Mi Mero Mole, a staple in Old Town for its tacos de guisados (meat braises or stews), is under fire after comparing the experience of being a small business owner in Portland to that of George Floyd, the Black man whose killing by police has sparked ongoing national protests and a widespread racial reckoning in America, in an announcement about its permanent closure.
The restaurant’s account posted a lengthy closing announcement on Twitter and Facebook Monday evening, saying the restaurant could not survive the economic impact of COVID-19. However, the series of posts on the official Twitter account of Mi Mero Mole that explained the closure devolved into a rant about the challenges facing small business owners — such as, presumably, Zukin — at one point stating, “All too often this city puts a knee to the back of its businesses’ necks while smiling and telling them to relax and that they’re fine.” This line, a reference to the way that former Minneapolis police officer Derek Chauvin killed Minnesota resident Floyd, draws on the harrowing imagery of Floyd’s killing to equate state violence enacted by police to the obstacles that the government puts in front of business owners.

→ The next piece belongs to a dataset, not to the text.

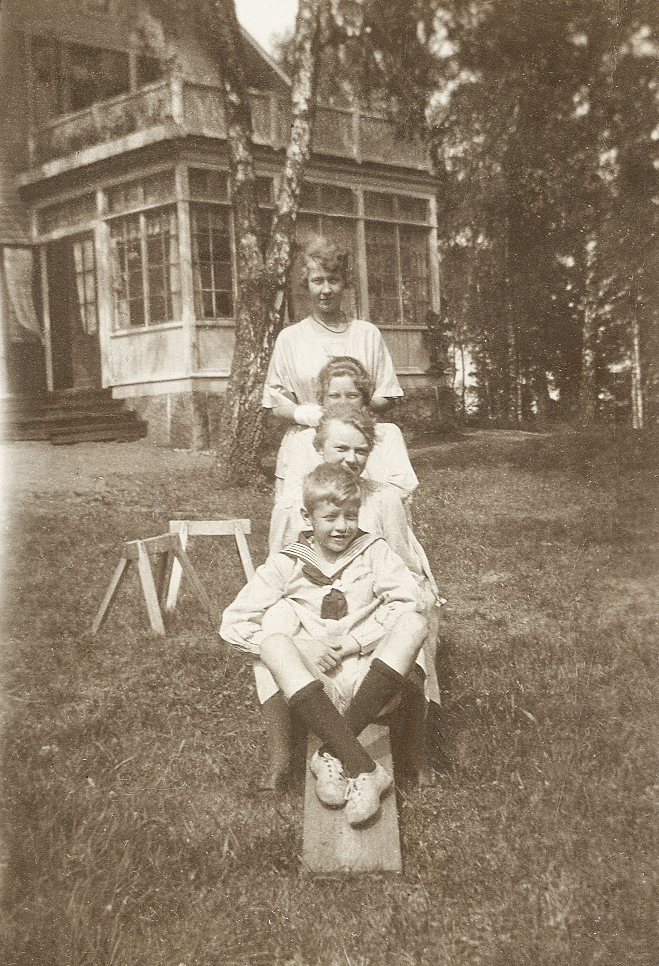 Tre unga kvinnor och en pojke i sjömansdräkt har radat upp sig i trädgården framför en glasveranda.

That specific line inspired a wave of outrage among Portlanders, who saw the use of that imagery as both diminishing the impact of Floyd’s death and an appropriation of racist violence. Gregory Gourdet, the Top Chef alum and Departure culinary director, quoted the tweet with the caption, “Closing a business is awful, especially one that employed so many POC. Sorry about that Nick. But don’t fucking compare what you are going through with what George Floyd did.” Oregonian reporter Eder Campuzano quote-tweeted the same sentence, with the caption, “This is a white restaurant owner using language evocative of the horrific death of a Black man to fuel his own ego. I hope Portland restaurant-goers see it for what it is and do their best to support Black, Native and other PoC-owned businesses instead of trash like this.”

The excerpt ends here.